String s = new String("1");
s.intern();
String s2 = "1";
System.out.println(s == s2);

String s3 = new String("1")+new String("1");
s3.intern();
String s4 = "11";
System.out.println(s3 == s4);

Output of the code above is:

false
true

I know that s and s2 are different objects, so the result evaluates to false, but the second result evaluates to true. Can anyone tell me the difference?

Robby Cornelissen
  • 91,784
  • 22
  • 134
  • 156
bin he
  • 187
  • 6
  • 1
    You may wish to refer [this](http://javatechniques.com/blog/string-equality-and-interning/) – Pratik Ambani Mar 16 '17 at 03:38
  • 3
    Note that calling `s3.intern()` after initializing `s4` changes the output to `false`. This *seems* to indicate that the literal `"11"` is only retrieved from the pool as the line is executed, which isn't how I understood string literal interning to work. – shmosel Mar 16 '17 at 04:31
  • Interestingly, changing to `s = new String("11")` and `s2 = "11"` all of the sudden makes the comparison `s3 == s4` evaluate to false. – Robby Cornelissen Mar 16 '17 at 04:57
  • 1
    @RobbyCornelissen That's essentially the same observation I made. You just moved the literal higher up. – shmosel Mar 16 '17 at 04:59
  • @PratikAmbani That looks like the correct answer to me. You should post it as an answer. – Maybe_Factor Mar 16 '17 at 05:15
  • 2
    @Maybe_Factor It's not an answer at all, it's just a link to an article. – shmosel Mar 16 '17 at 05:26
  • 6
    For users that do not have enough reputation to see the graveyard of deleted answers to this question – if you're planning to write an answer that a) outlines the fundamentals of string interning in Java, or b) suggests that the result of `String.intern()` should be assigned back to the variable: don't bother. The real question is why the behavior in the two cases (`s == s2` vs `s3 == s4`) is different. – Robby Cornelissen Mar 16 '17 at 05:34
  • what's the compiled bytecode look like? – Rogue Mar 16 '17 at 06:42
  • I wonder how this can be unclear at all, even to gold badge owners. It is so obivous that the literal `"1"` has to be loaded when using `new String("1")` and that the String `"11"` will be added to pool using `s3.intern();` and then fetched for `String s4 = "11";`. This is basic stuff like 1+1=2. – Tom Mar 16 '17 at 08:48

4 Answers4

23

Here's what's happening:


Example 1

String s1 = new String("1"); 
s1.intern();
String s2 = "1";
  1. The string literal "1" (passed into the String constructor) is interned at address A.
    String s1 is created at address B because it is not a literal or constant expression.
  2. The call to intern() has no effect. String "1" is already interned, and the result of the operation is not assigned back to s1.
  3. String s2 with value "1" is retrieved from the string pool, so points to address A.

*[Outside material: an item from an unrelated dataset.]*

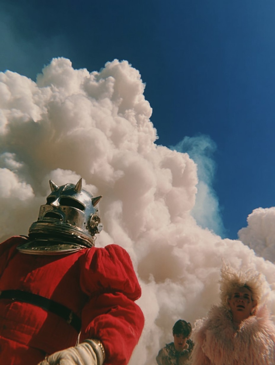 Создано на основе запроса: Editorial shot from Tim Burton's stunt action scifi photoshoot depicting a nightmare featuring yokais
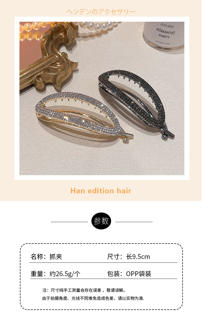 타원형 금속 다이아몬드 헤어 액세서리 한국식 백 헤드 머리핀 여성용 헤어 클립 고급 감각 머리핀 모자스토어 가기

Result: Strings s1 and s2 point to different addresses.


Example 2

String s3 = new String("1") + new String("1");
s3.intern();
String s4 = "11";
  1. String s3 is created at address C.
  2. The call to intern() adds the string with value "11" at address C to the string pool.
  3. String s4 with value "11" is retrieved from the string pool, so points to address C.

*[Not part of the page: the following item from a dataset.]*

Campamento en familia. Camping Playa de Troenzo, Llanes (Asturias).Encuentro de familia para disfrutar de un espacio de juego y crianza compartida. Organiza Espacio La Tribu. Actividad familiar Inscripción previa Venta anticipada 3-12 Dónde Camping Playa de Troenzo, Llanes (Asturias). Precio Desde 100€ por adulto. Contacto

Result: Strings s3 and s4 point to the same address.


Summary

String "1" is interned before the call to intern() is made, by virtue of its presence in the s1 = new String("1") constructor call.

Changing that constructor call to s1 = new String(new char[]{'1'}) will make the comparison of s1 == s2 evaluate to true because both will now refer to the string that was explicitly interned by calling s1.intern().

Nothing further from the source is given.